■ **Exercise description**
Skip the pictures and restate, word for word, the lines from the one containing "Hovedgata og Jokeren" to the end of the data below.

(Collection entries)
··········

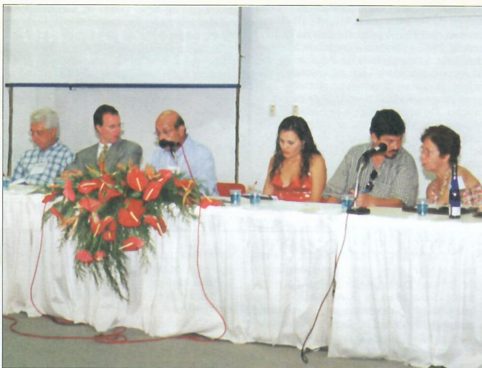
O IV Congresso Estadual do Ministério Público foi um sucesso

A Folha do MP traz um balanço do que foi feito, ao longo dos dois anos de gestão da atual Diretoria da Associação do Ministério Público do Estado da Bahia. Essa proposta, articulada por todos os que estiveram à frente do projeto intitulado "Humanização e Trabalho", traduz o ímpeto de demonstrar o nível de comprometimento que cada um dos realizadores reafirmou nos diversos momentos de obtenção de conquistas, de concretização de metas. Ou seja, nos momentos em que ficava claro o quanto tais metas foram traçadas em prol do interesse maior dos promotores e procuradores de justiça baianos.
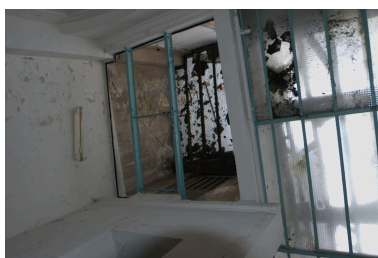
Détail éclairage zénithal (verrière)

IVR82_20086900299NUCA
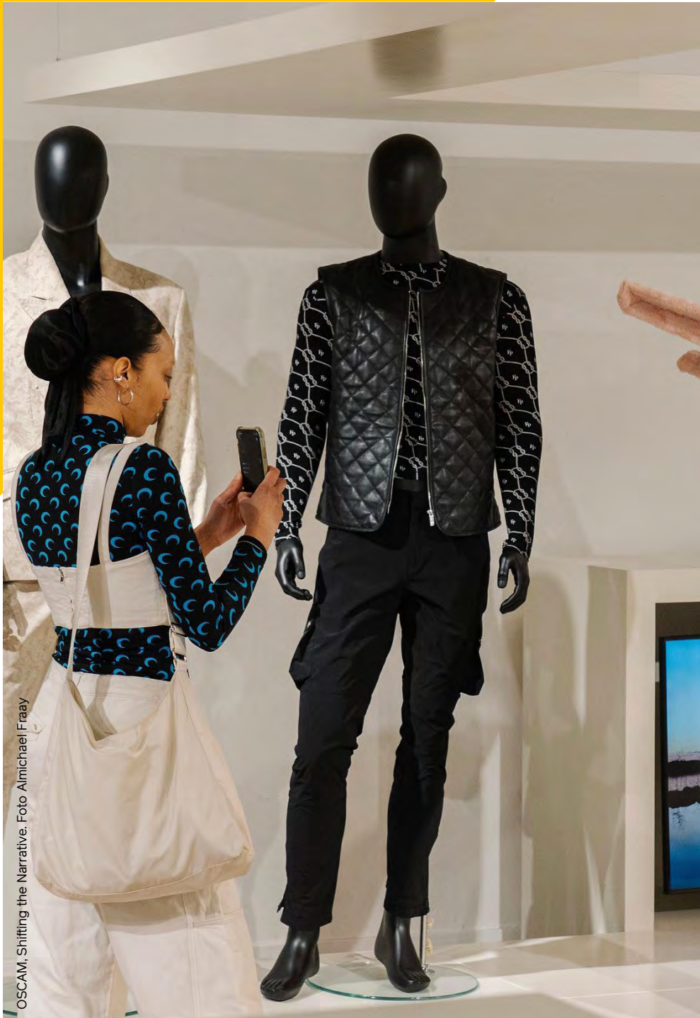
OSCAM. Shifting the Narrative.
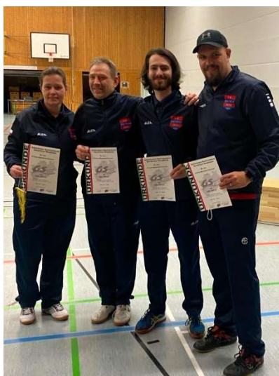
4. místo: SKN Brno
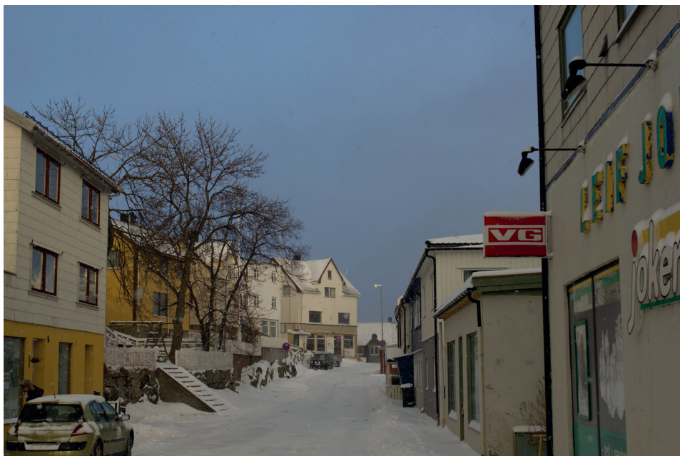
Hovedgata og Jokeren
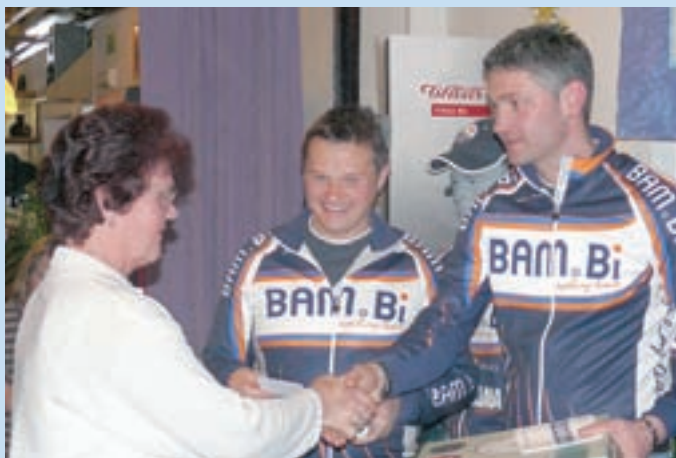
Zasluzeno priznanje za pohodniško transverzalo

Društvo je najbolj prepoznavno po kolesarski dejavnosti in po tradicionalno zanimivi BAM.Bi pohodniški transverzali. Poleg tega se je ŠD BAM.Bi izkazal tudi kot odličen organizator športnih prireditev na najvišji državni ravni. Najbolj odmeven je kolesarski vzpon za kralja in kraljico Krvavca, ki bo letos na sporedu v soboto, 20. junija. Več kot 400 evidentiranih članov je vključeno v različne aktivnosti na rekreativni in tekmovalni ravni. Na tekmovalnem področju je v tem obdobju potrebno izpostaviti 47 naslovov državnih prvakov in tri medalje s svetovnih prvenstev ter eno zlato medaljo z evropskega prvenstva.

··········

■ **Solution below**
Hovedgata og Jokeren
Zasluzeno priznanje za pohodniško transverzalo

Društvo je najbolj prepoznavno po kolesarski dejavnosti in po tradicionalno zanimivi BAM.Bi pohodniški transverzali. Poleg tega se je ŠD BAM.Bi izkazal tudi kot odličen organizator športnih prireditev na najvišji državni ravni. Najbolj odmeven je kolesarski vzpon za kralja in kraljico Krvavca, ki bo letos na sporedu v soboto, 20. junija. Več kot 400 evidentiranih članov je vključeno v različne aktivnosti na rekreativni in tekmovalni ravni. Na tekmovalnem področju je v tem obdobju potrebno izpostaviti 47 naslovov državnih prvakov in tri medalje s svetovnih prvenstev ter eno zlato medaljo z evropskega prvenstva.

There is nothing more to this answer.